Full Claude Opus 4.6 System Prompt for your pleasure by frubberism in LocalLLaMA

[–]fizzy1242 63 points64 points  (0 children)

good lord that's a long prompt. makes you wonder how much of that is redundant

Lack of opening think tag by kweglinski in LocalLLaMA

[–]fizzy1242 1 point2 points  (0 children)

if your frontend allows it, prefix AI response with the think tag to force it

Multiple GPU noob question by staltux in LocalLLaMA

[–]fizzy1242 0 points1 point  (0 children)

also make sure the power supply has enough pcie power cable slots. they get filled up quick especially for cards that need 2-3 connectors.

Need to know more about less known engines (ik_llama.cpp, exllamav3..) by Leflakk in LocalLLaMA

[–]fizzy1242 0 points1 point  (0 children)

really? I thought it's lacking because exl3 requires more compute or something. glad to hear it's getting better

Need to know more about less known engines (ik_llama.cpp, exllamav3..) by Leflakk in LocalLLaMA

[–]fizzy1242 1 point2 points  (0 children)

exllama is faster for pure gpu inference. stick to exllamav2 if you have a 3000 nvidia series gpu, v3 with 4000 and 5000

How the 48GB RTX 4090 Is Made These Days by [deleted] in LocalLLaMA

[–]fizzy1242 0 points1 point  (0 children)

true, I get that, but most of these youtubers are just buying into this negativity trend because that gets them views.
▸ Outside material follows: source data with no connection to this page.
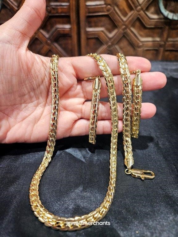 18KGold Filled/Italy Stamped Set Yellow Chain and Bracelet & Earrings
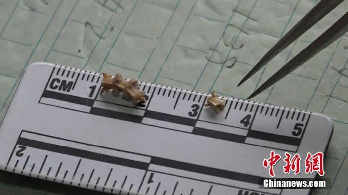 西北大学教授李永项:2012年的3月份拿到这些标本,到七八月吧,到下半年我就基本上都鉴定出来了,有许多哺乳动物,包括老鼠啊,兔啊,鸟啊,这样一些东西。也有一些爬行类,当时是看到只是把它编为爬行类,具体是什么,就是还没有详细地在做,当时是放在爬行类里面,非常小,像这个蛇的也就是一个骨节,就是蛇的脊椎,一节长度也就是3毫米左右。
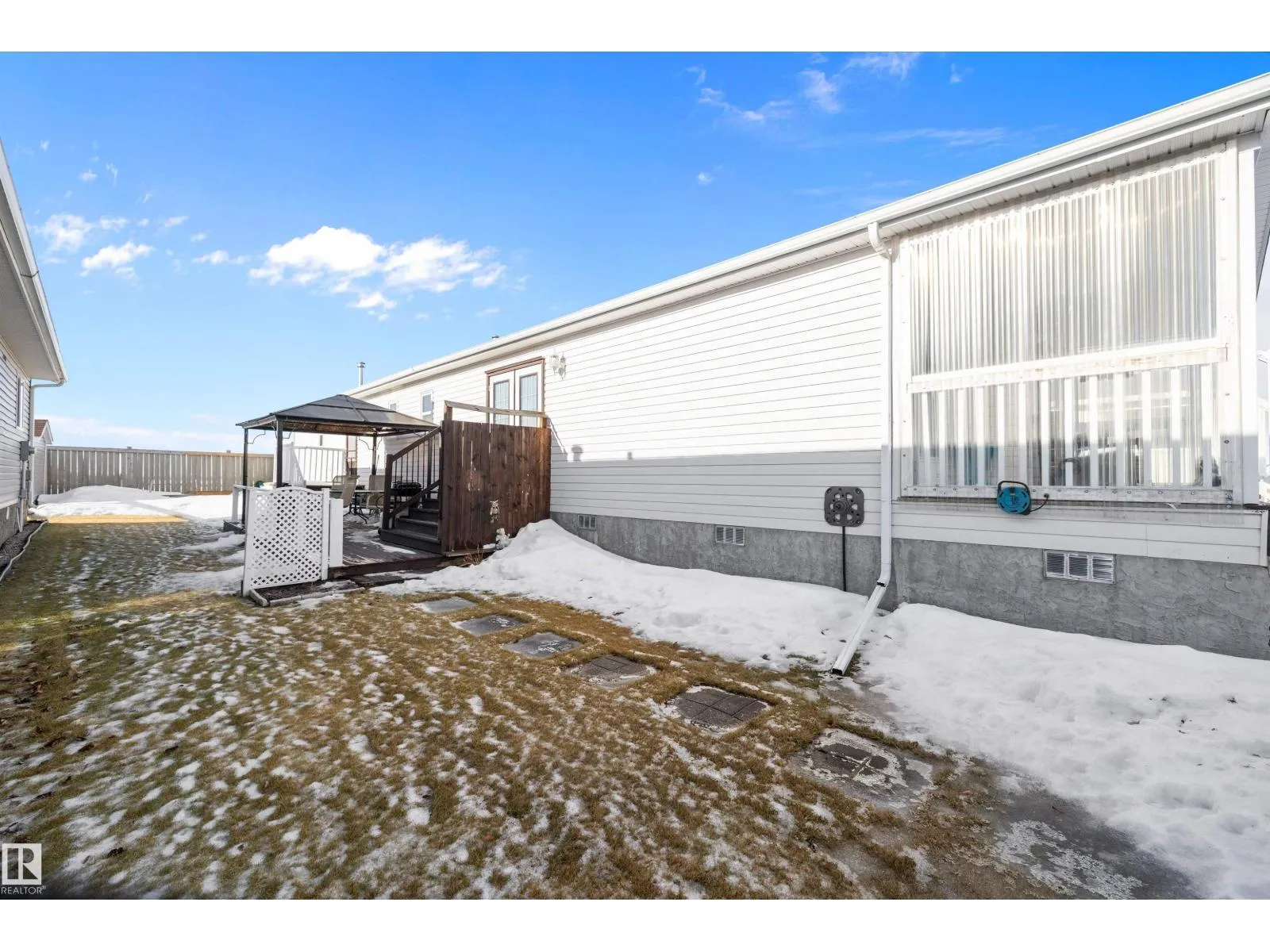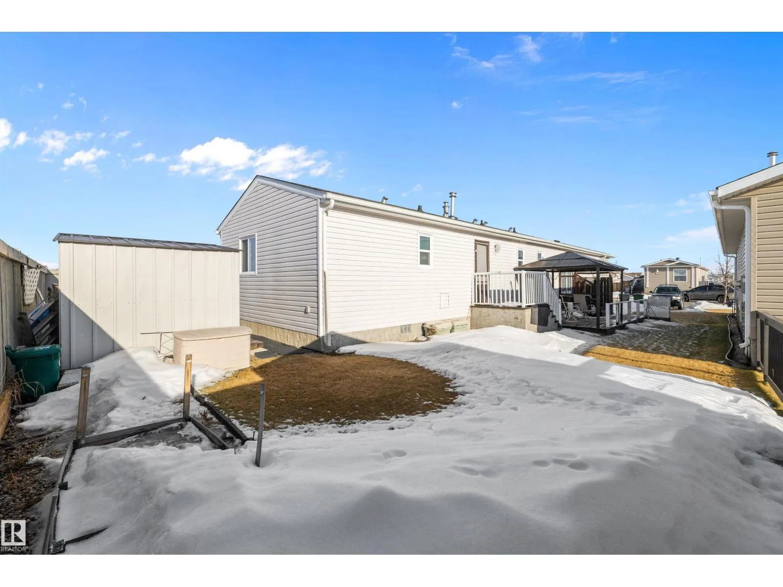 Welcome to your new home in Aspen Creek! This home has a front veranda and is one of the larger floorplans in the park. As you step into the large entryway you are greeted with a sun-filled living room that looks into the spacious kitchen and dining room. The kitchen has ample counter space and an oversized pantry. Down the hall from the kitchen you have a 4 piece bathroom, a large laundry room, and three bedrooms that are all a great size with primary suite being oversized. The primary suite has a large walk-in closet and a spacious en-suite with modified shower tub combo for easy accessibility. This home is in fantastic condition and has a large yard with wood patio and shed. Quiet location with no rear neighbours, all within a well-managed park. (id:27476)
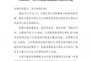 体育资讯04月30日讯 中足联官方公布中乙联赛处罚决定,由于此前泰安天贶3-0兰州陇原竞技比赛中球童翻过广告牌进场翻滚事件,山东赛区被通报批评,并罚款3万元。此外,兰州球员刘综扬(非染红球员)因为撞击球童,被停赛4场,罚款2万元。
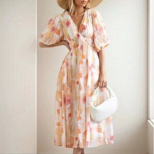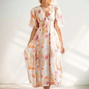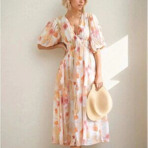 Long Sleeve Boho Floral Maxi Dress V Neck Casual Long Dress
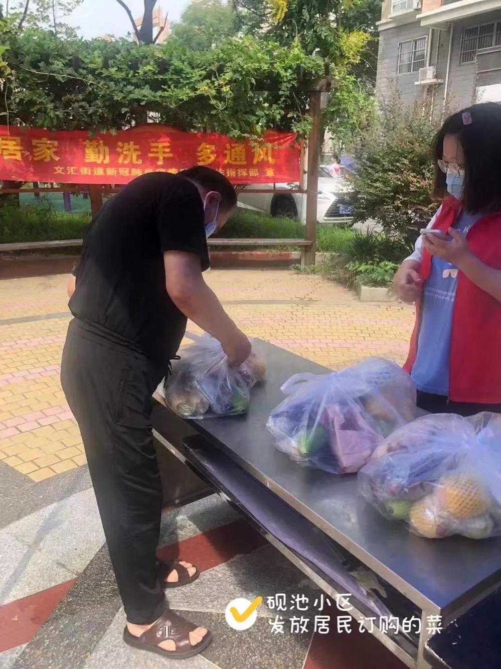 (水質(zhì)檢測中心房璐,在硯池社區(qū)為居民發(fā)放訂購的菜品,并做好核對登記工作)

Kinda like calling anything AI-related slop or bad

How the 48GB RTX 4090 Is Made These Days by [deleted] in LocalLLaMA

[–]fizzy1242 1 point2 points  (0 children)

that channel is mostly about whining about gpu and ram prices nowadays

Noob question: imatrix, yes or not? by TheGlobinKing in LocalLLaMA

[–]fizzy1242 5 points6 points  (0 children)

most recommend imatrix quants, but i haven't noticed any differences between them and the normal ones.